→ **Exercise directions**:
In the entries below, every line with the string "vanaf" is to be reported.

Extracted data entries:
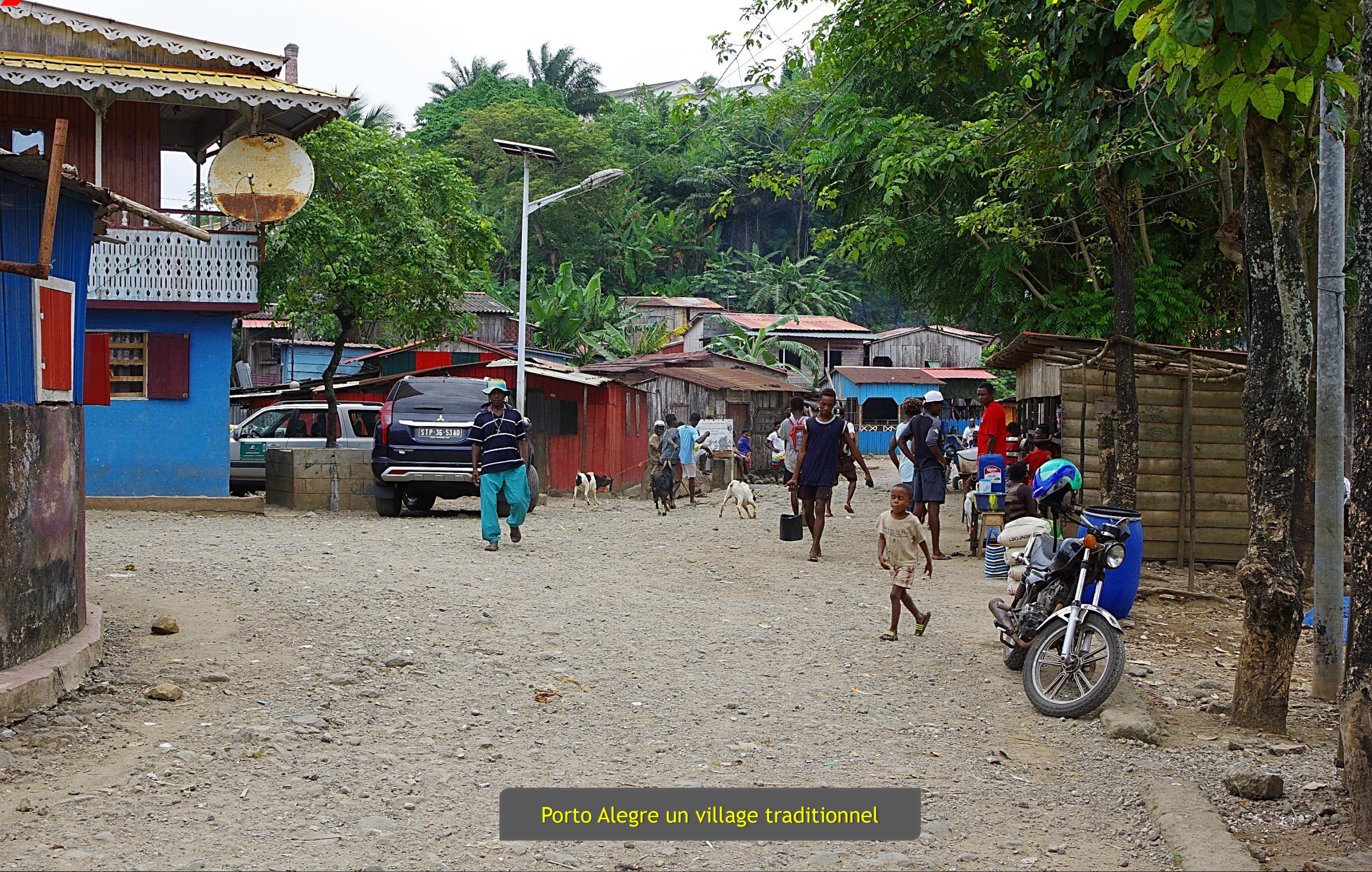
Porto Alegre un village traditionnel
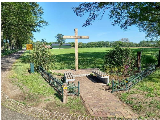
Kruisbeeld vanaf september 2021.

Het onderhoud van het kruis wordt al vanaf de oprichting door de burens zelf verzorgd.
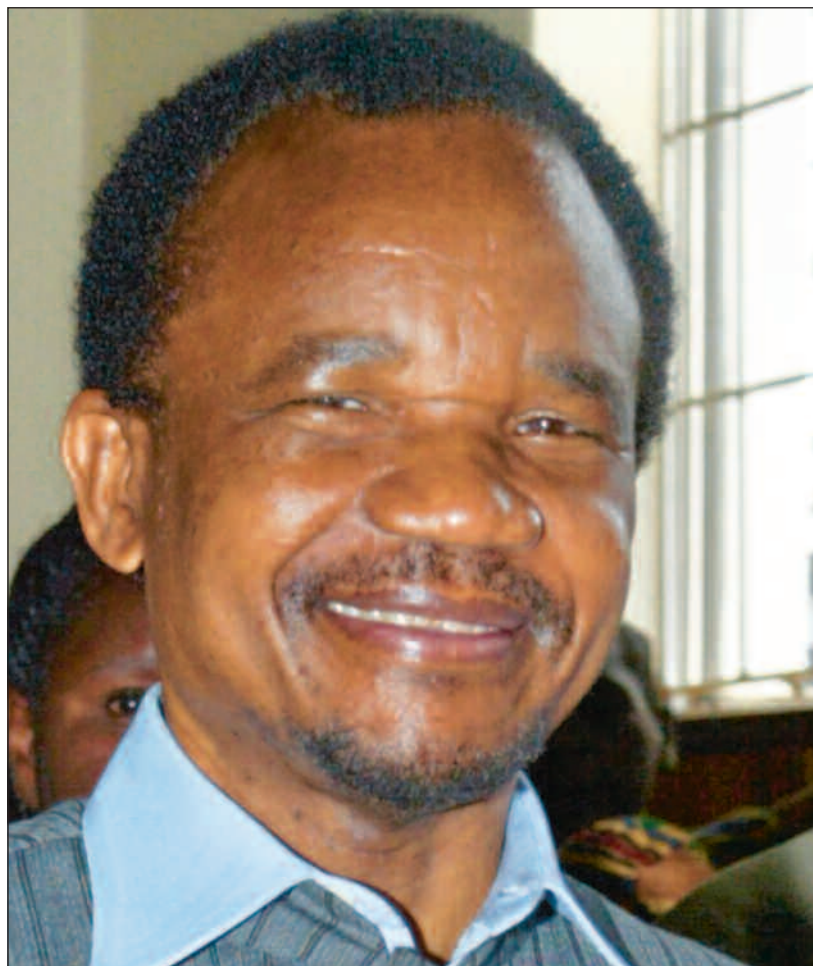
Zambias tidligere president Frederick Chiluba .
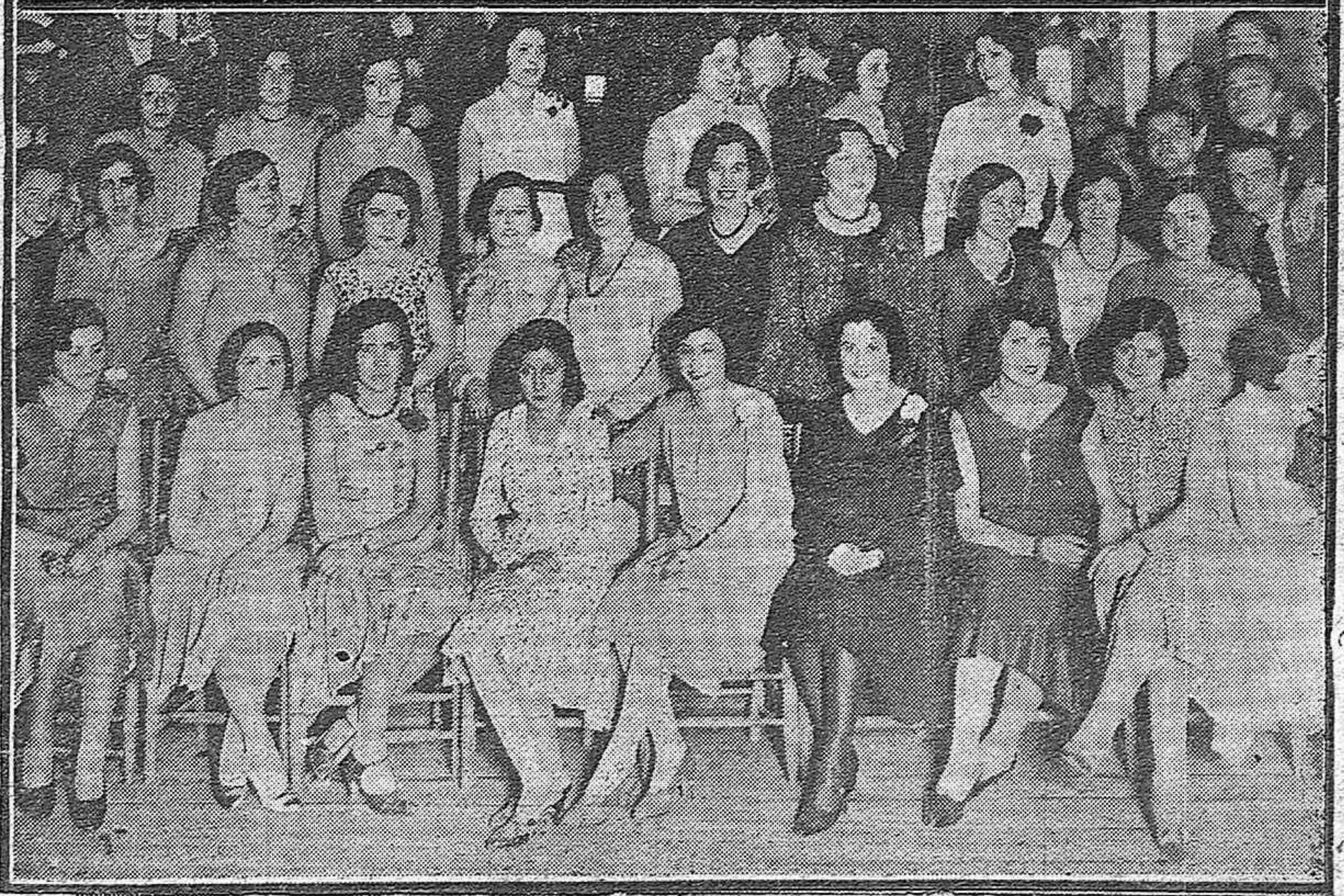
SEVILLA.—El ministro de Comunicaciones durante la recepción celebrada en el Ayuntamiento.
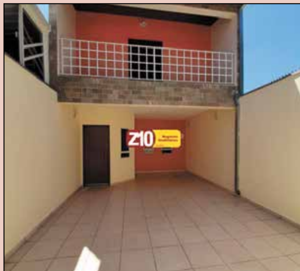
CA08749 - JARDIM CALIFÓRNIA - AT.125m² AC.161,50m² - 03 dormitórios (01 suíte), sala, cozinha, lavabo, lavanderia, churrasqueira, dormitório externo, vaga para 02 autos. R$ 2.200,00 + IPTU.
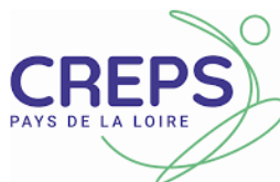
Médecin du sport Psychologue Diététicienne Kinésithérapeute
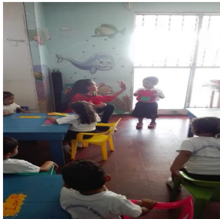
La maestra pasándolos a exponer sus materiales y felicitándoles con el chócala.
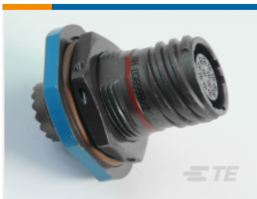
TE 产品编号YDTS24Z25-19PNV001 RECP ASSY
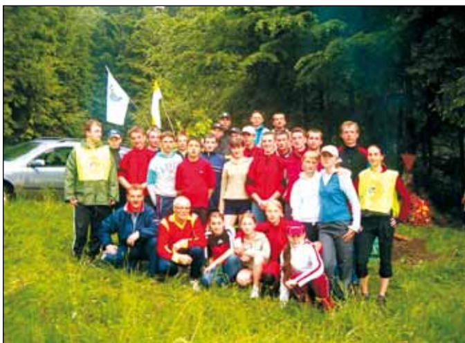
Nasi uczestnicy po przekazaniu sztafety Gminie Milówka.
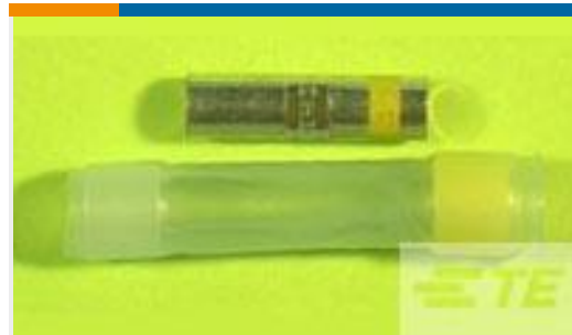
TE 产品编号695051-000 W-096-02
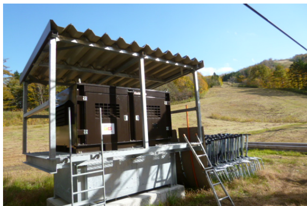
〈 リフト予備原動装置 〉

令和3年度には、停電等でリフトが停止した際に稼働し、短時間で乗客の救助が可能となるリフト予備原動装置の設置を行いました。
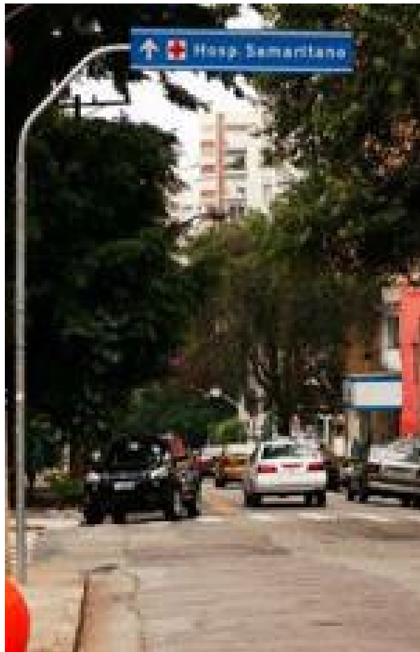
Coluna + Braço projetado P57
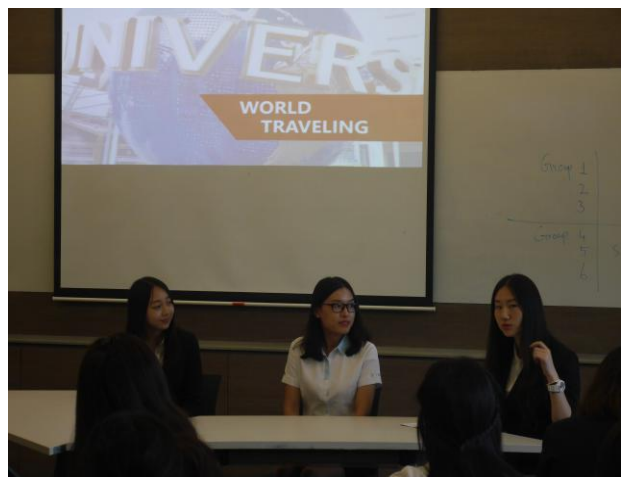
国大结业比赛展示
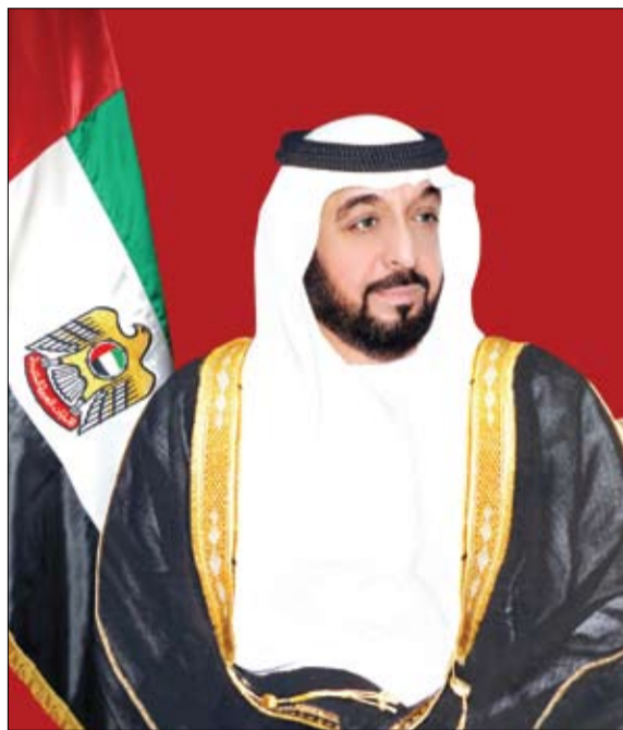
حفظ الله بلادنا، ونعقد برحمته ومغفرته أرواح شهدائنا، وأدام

→ **Your response**:
Kruisbeeld vanaf september 2021.
Het onderhoud van het kruis wordt al vanaf de oprichting door de burens zelf verzorgd.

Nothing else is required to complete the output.